▶ _MATERIAL TO PROCESS_:
--
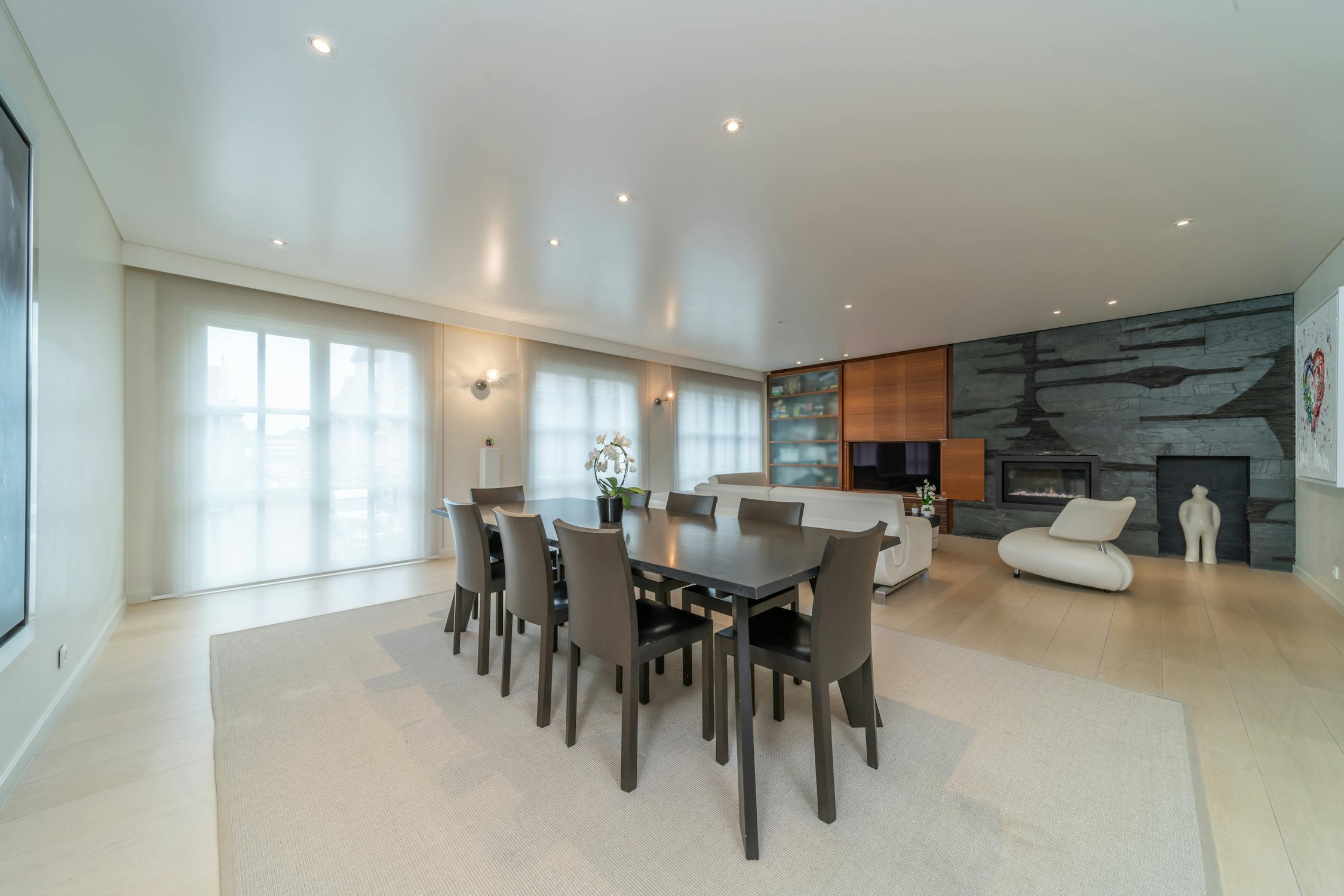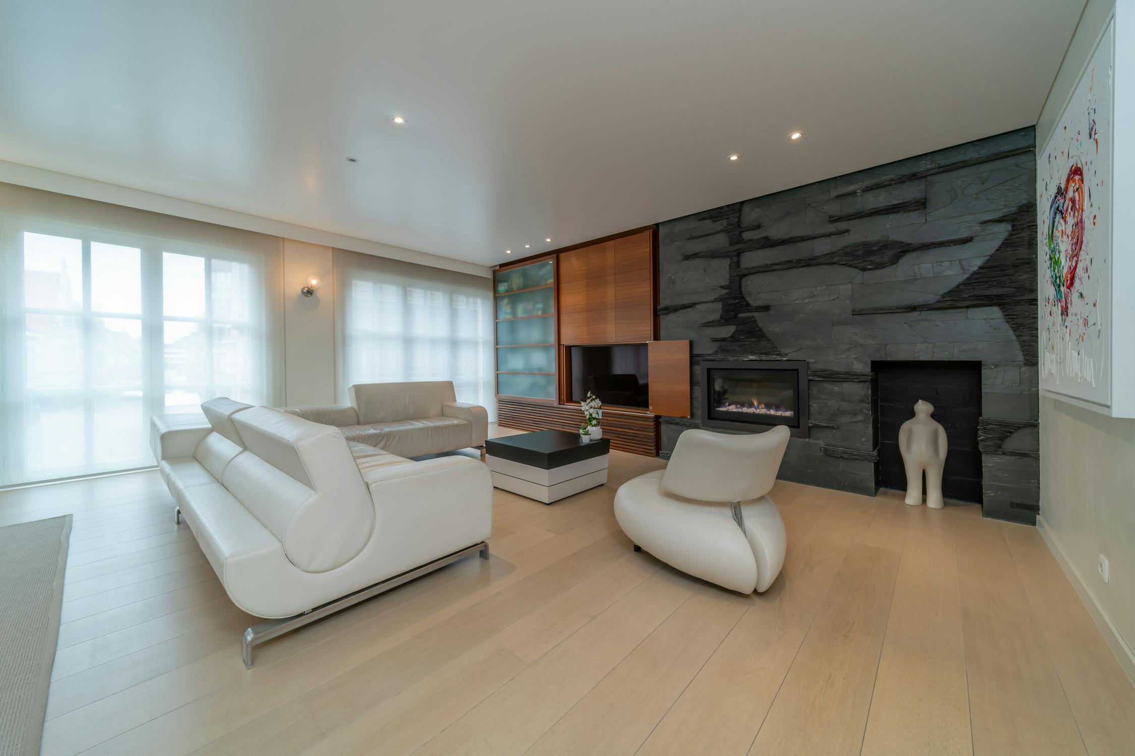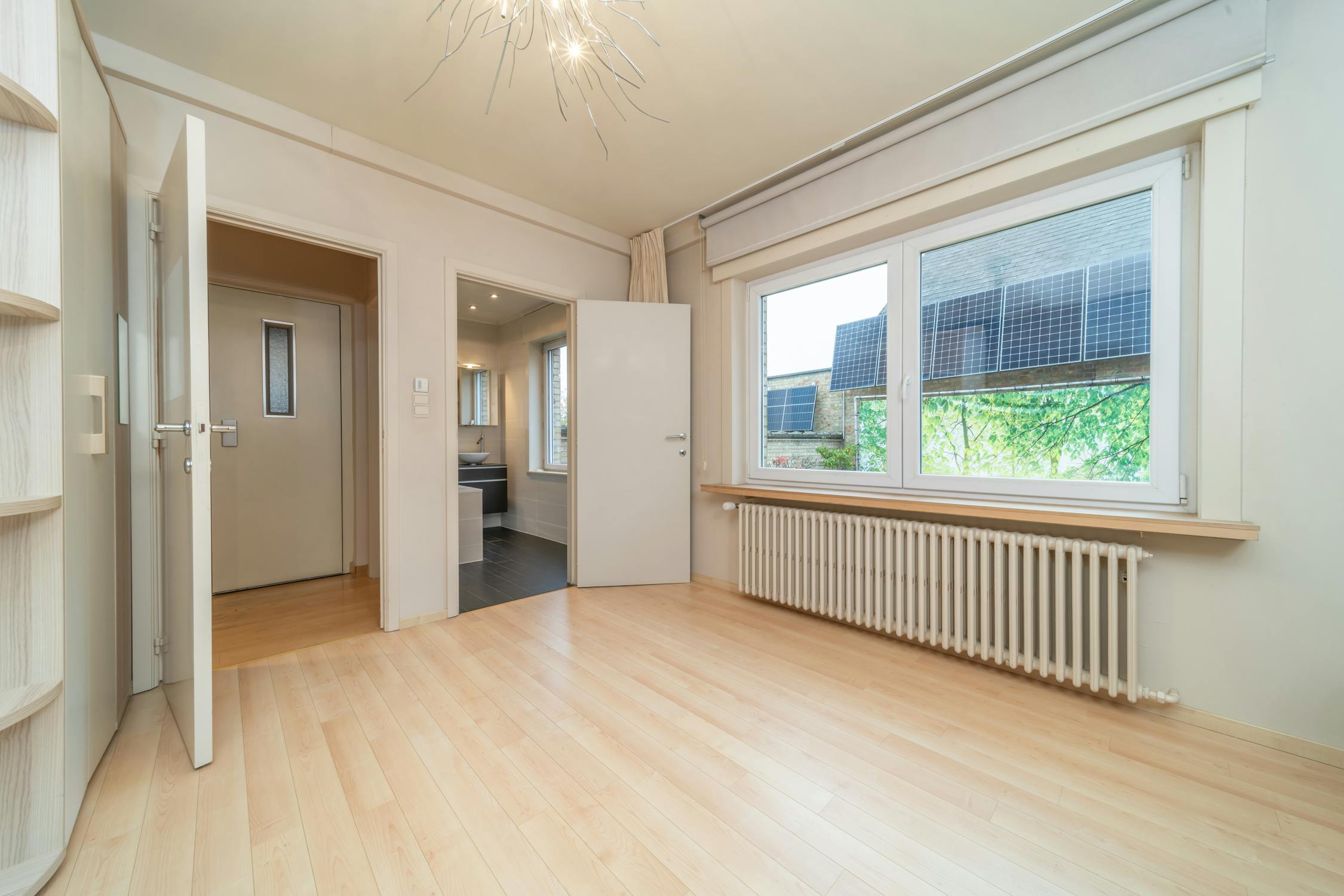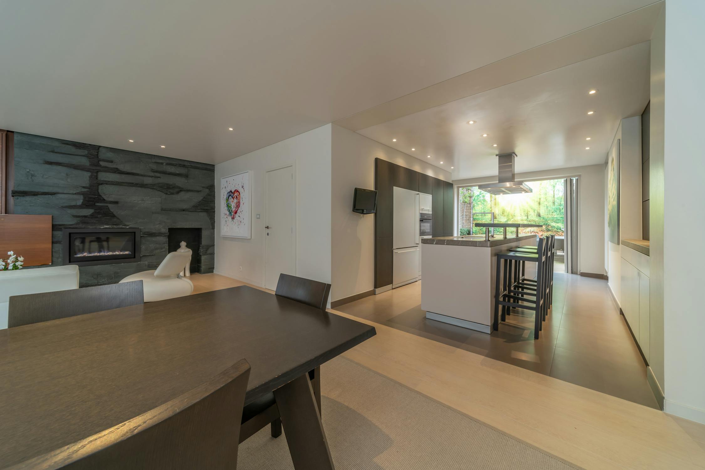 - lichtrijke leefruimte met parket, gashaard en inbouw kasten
--
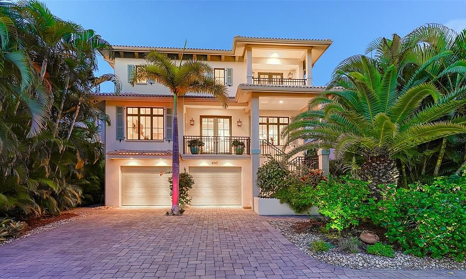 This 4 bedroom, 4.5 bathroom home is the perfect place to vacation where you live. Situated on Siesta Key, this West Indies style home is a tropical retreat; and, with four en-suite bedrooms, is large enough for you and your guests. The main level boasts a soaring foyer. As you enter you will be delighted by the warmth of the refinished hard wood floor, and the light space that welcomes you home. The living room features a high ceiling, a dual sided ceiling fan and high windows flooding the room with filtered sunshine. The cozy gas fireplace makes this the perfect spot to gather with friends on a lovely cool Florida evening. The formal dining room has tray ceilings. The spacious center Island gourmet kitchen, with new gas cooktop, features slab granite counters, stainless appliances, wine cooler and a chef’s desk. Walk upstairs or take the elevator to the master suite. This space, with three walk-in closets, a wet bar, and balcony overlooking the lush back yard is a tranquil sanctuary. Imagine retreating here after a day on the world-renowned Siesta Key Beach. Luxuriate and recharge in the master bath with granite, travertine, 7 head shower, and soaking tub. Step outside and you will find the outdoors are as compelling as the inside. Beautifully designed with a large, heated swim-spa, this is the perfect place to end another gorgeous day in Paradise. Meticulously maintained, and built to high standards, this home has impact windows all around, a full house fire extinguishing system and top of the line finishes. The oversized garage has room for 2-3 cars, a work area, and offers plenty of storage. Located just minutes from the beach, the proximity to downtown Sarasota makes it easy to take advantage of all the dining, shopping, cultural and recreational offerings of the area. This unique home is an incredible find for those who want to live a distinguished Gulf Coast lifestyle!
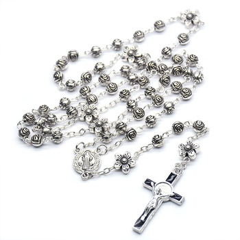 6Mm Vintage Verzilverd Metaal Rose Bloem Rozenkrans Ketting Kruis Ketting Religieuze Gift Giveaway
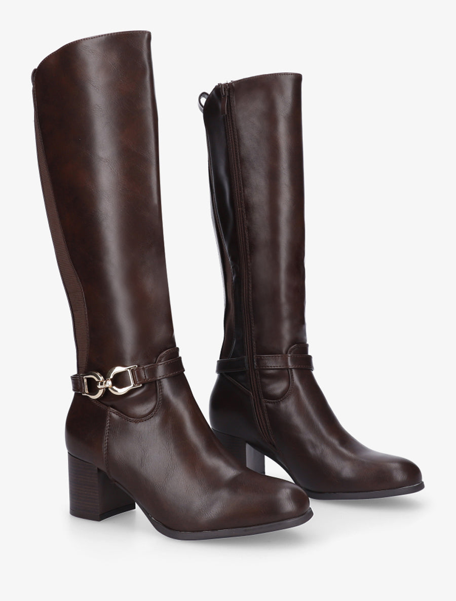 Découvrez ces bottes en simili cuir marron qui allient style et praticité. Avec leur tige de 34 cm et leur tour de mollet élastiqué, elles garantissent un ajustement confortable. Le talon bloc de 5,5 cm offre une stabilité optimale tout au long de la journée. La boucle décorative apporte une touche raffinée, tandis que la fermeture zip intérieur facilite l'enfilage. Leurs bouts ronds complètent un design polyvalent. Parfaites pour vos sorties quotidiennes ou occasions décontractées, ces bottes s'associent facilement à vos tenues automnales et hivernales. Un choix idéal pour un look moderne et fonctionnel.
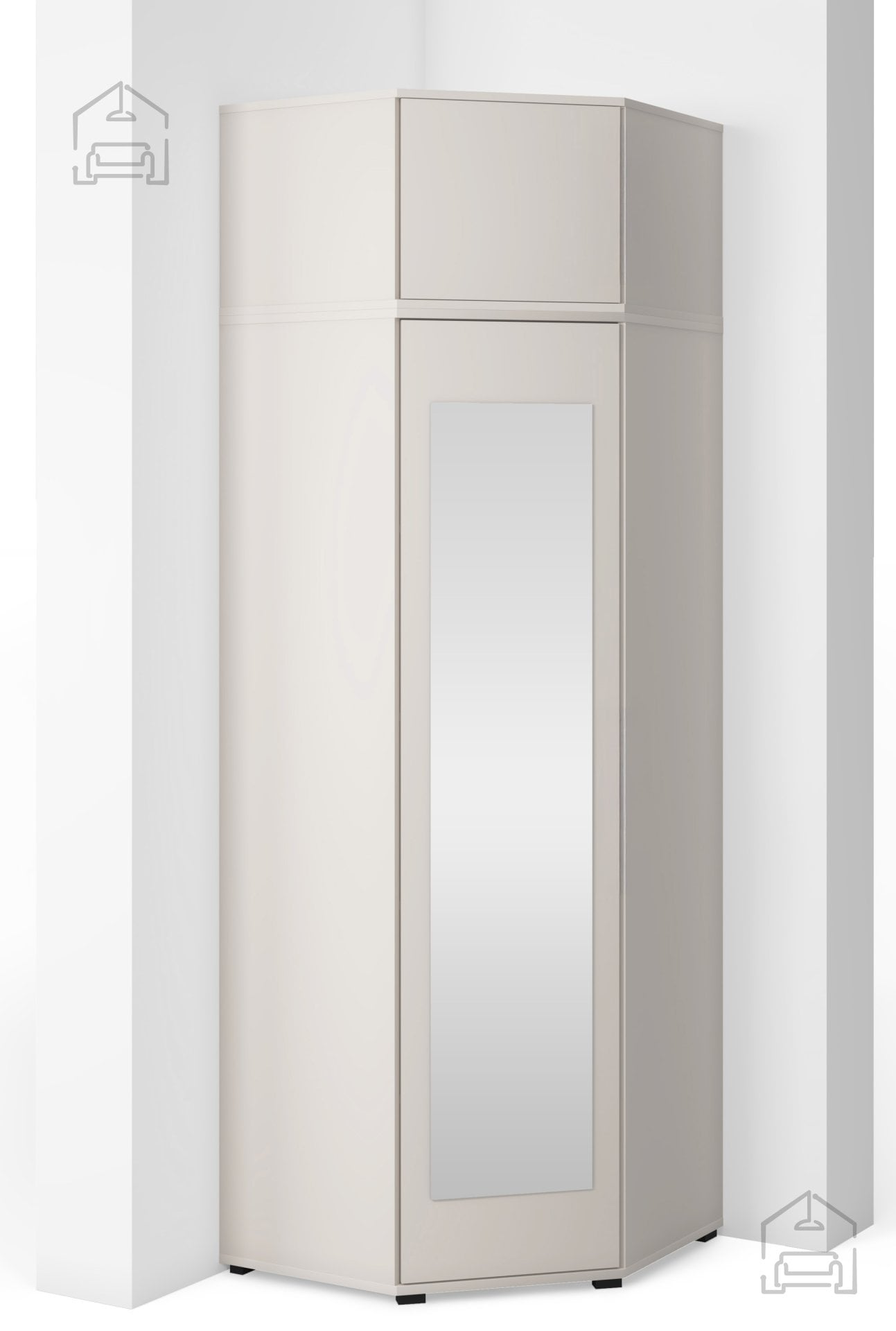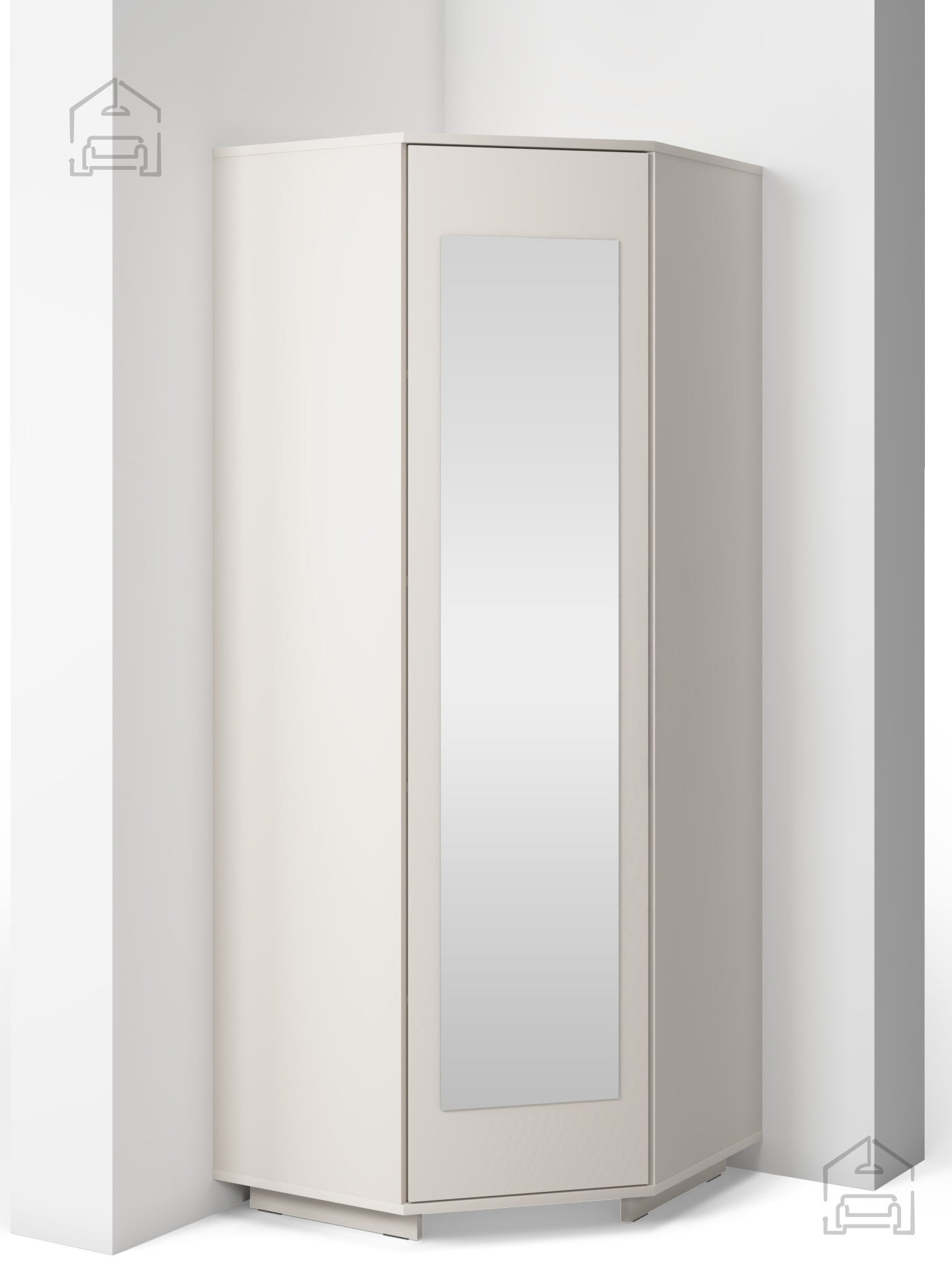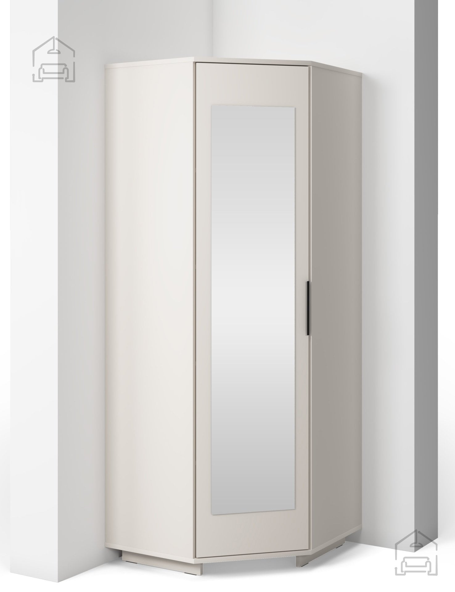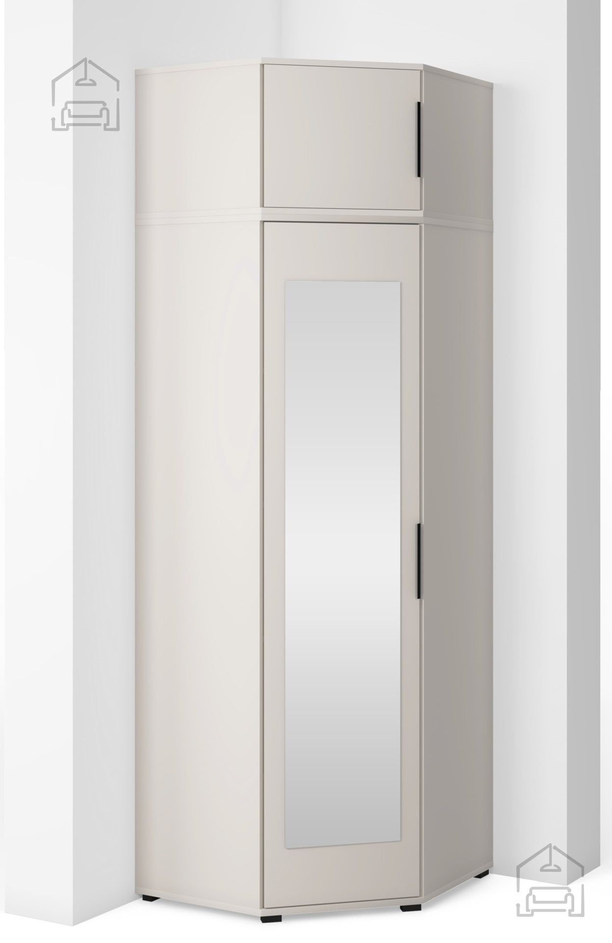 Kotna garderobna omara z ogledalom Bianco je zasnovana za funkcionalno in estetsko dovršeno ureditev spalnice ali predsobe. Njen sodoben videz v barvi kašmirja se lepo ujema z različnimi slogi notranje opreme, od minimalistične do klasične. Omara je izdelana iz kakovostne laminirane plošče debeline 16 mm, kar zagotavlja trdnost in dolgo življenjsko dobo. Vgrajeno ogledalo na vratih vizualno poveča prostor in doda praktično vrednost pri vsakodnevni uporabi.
--
▶ _WHAT NEEDS TO BE DONE_: For the entries above, print exactly the lines between the one with "6Mm Vintage Verzilverd" and the one with "Kotna garderobna omara", inclusive, with no pictures.

▶ _RESPONSE AREA_:
 6Mm Vintage Verzilverd Metaal Rose Bloem Rozenkrans Ketting Kruis Ketting Religieuze Gift Giveaway
 Découvrez ces bottes en simili cuir marron qui allient style et praticité. Avec leur tige de 34 cm et leur tour de mollet élastiqué, elles garantissent un ajustement confortable. Le talon bloc de 5,5 cm offre une stabilité optimale tout au long de la journée. La boucle décorative apporte une touche raffinée, tandis que la fermeture zip intérieur facilite l'enfilage. Leurs bouts ronds complètent un design polyvalent. Parfaites pour vos sorties quotidiennes ou occasions décontractées, ces bottes s'associent facilement à vos tenues automnales et hivernales. Un choix idéal pour un look moderne et fonctionnel.
 Kotna garderobna omara z ogledalom Bianco je zasnovana za funkcionalno in estetsko dovršeno ureditev spalnice ali predsobe. Njen sodoben videz v barvi kašmirja se lepo ujema z različnimi slogi notranje opreme, od minimalistične do klasične. Omara je izdelana iz kakovostne laminirane plošče debeline 16 mm, kar zagotavlja trdnost in dolgo življenjsko dobo. Vgrajeno ogledalo na vratih vizualno poveča prostor in doda praktično vrednost pri vsakodnevni uporabi.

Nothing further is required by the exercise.